I wasn’t going to turn the other cheek. I was angry. And it felt good. I filed complaints with the Department of Health and Human Services, the New York State Department of Health, and the New York City Commission on Human Rights.
It was a lengthy, months-long bureaucratic process, but I got action. Through the New York State Department of Health and The Department of Health and Human Services I learn that via his lawyer Dr. Flowers admitted there had been a breach and Lisa no longer works there, and the rest of the staff is being re-trained, including Dr. Flowers. Frankly, I hope Lisa doesn’t get another job in the medical profession. As neurotic as she is about protecting herself from disease, she needs to go work at some place like Purell. Of course it was the disclosure of my HIV status to Michael that did her in, which I liken to a mob boss being sent to prison for tax evasion instead of his more heinous crimes. To me, her more egregious sins were prejudice, medical ignorance, and for making two other human beings feel like unclean pariahs. I hope she finds the balance between self-protection and common human compassion. Ironically, thanks to her, I think I’m finally done with HIV shame.

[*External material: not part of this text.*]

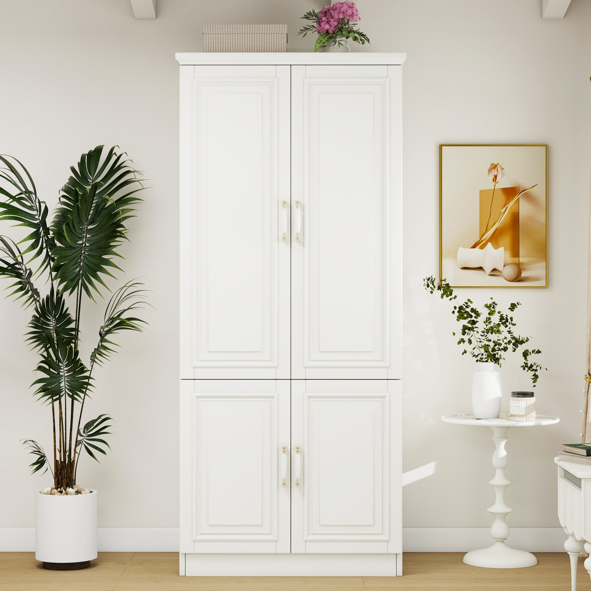 4-Door Armoire Closet with 2 Storage Drawers and Hanging Rods, Wooden Bedroom Wardrobe Clothes Organizer with Storage Shelves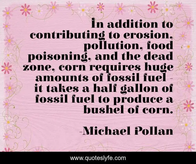 This page presents the quote "In addition to contributing to erosion, pollution, food poisoning, and the dead zone, corn requires huge amounts of fossil fuel - it takes a half gallon of fossil fuel to produce a bushel of corn.". Author of this quote is Michael Pollan. This quote is about environmental, corn,.

*Names have been changed in this story.
Jamie Brickhouse is a writer and performer in New York. A four-time Moth StorySLAM champion, he currently tours two award-winning solo shows, Dangerous When Wet: Booze, Sex, and My Mother based on his memoir, and I Favor My Daddy, based on his upcoming memoir. He’s a speaker on the issues of HIV, alcoholism/recovery, suicide prevention, and Lewy body dementia.